カイオリス~聖騎士の約束の話の間くらいの時期で書いています。
(聖騎士の約束 だと しばらくパプリシアには近づいてなかったようなので、この話の部分はちょっとしたIFくらいに思ってもらえれば。)
子供とのやり取りは入れたかった。やり取りしているうちに、天文学が楽しくなっていくといいな、と思い、入れました。
その後まじめに、そしてマメに論文は書いて送っているんだそうです。
ちなみに偽名が「エクレール」。フランス語で雷。雷つながりでそのあと「雷鳴の魔導士」と呼ばれている。
鴉のぬいぐるみこと、使い魔の名前は適当に ポポ と ぺぺ。首の布の色で判別していて、青い方がポポ。赤い方がペペ。
(これは原神のシトラリとか、北欧神話のオーディンの鴉のイメージからもらいました。)
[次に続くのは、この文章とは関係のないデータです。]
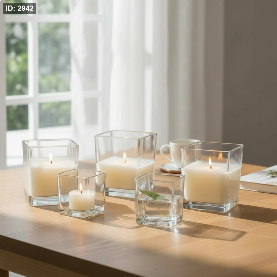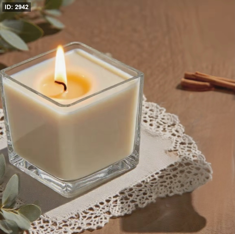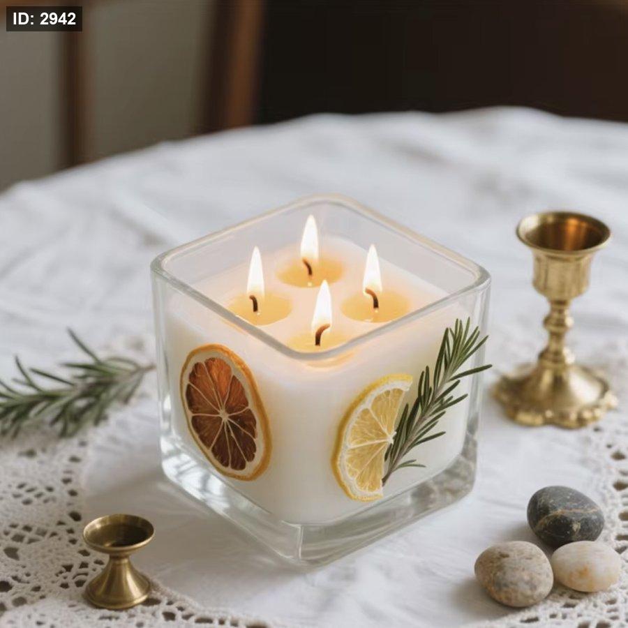 زجاج سميك وشفاف يظهر جمال الشمعة وتزييناتها، مثالي للشموع العطرية والهدايا الراقية.
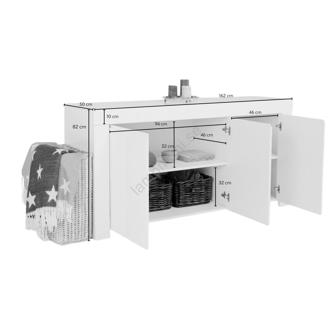 • Tack vare skåpen erbjuder den generöst förvaringsutrymme för att organisera dina vardagsföremål.
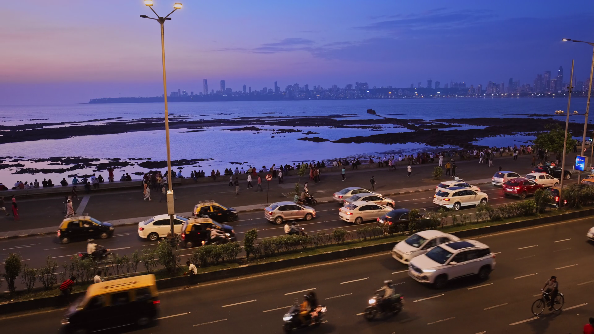 Marine Drive In The Night With Car Heavy Traffic Mumbai Maharashtra IndiaÂ
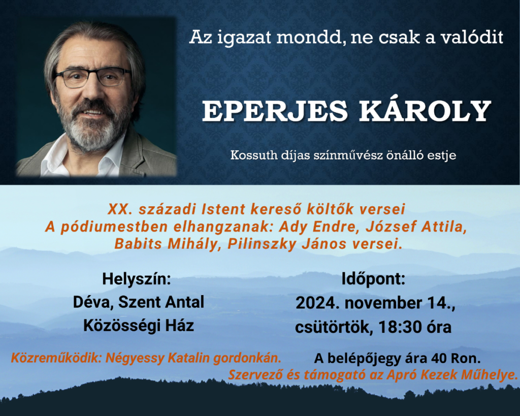 Az igazat mondd, ne csak a valódit. Eperjes Károly önálló estje. + Hozzáadás Google Naptárhoz + Exportálás iCal-ba Dátum 2024. november 14., csütörtök Idő 18:00 Helyszín Déva Kategóriák Gyulafehérvári Főegyházmegye Oszd meg ezt az eseményt!
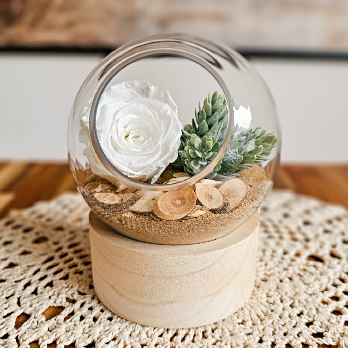 Vase boule base bois 5½’’x 7’’, parfait pour accueillir une seule rose éternelle avec une petite plaquette et une bouteille messagère.

ガルデンの方向音痴ネタ解決として鴉の使い魔の話を作りました。
立ち寄った町の悪霊騒ぎの犯人が動物殺しを供養なしで行ってしまった町の人。
そこから、悪霊になっていた動物の霊を説得し、引き取って、使い魔として一緒に旅をしている。媒介としてぬいぐるみの中に動物の骨の一部を入れている。割と使い魔的には快適らしい。見た目がぬいぐるみなので、子供に受けている。
空から見てもらうことができるようになったので地図を見ながら道に迷うことは少なくなった。攻撃能力は低い。偵察、警戒用。
最後までお読みいただき、ありがとうございました。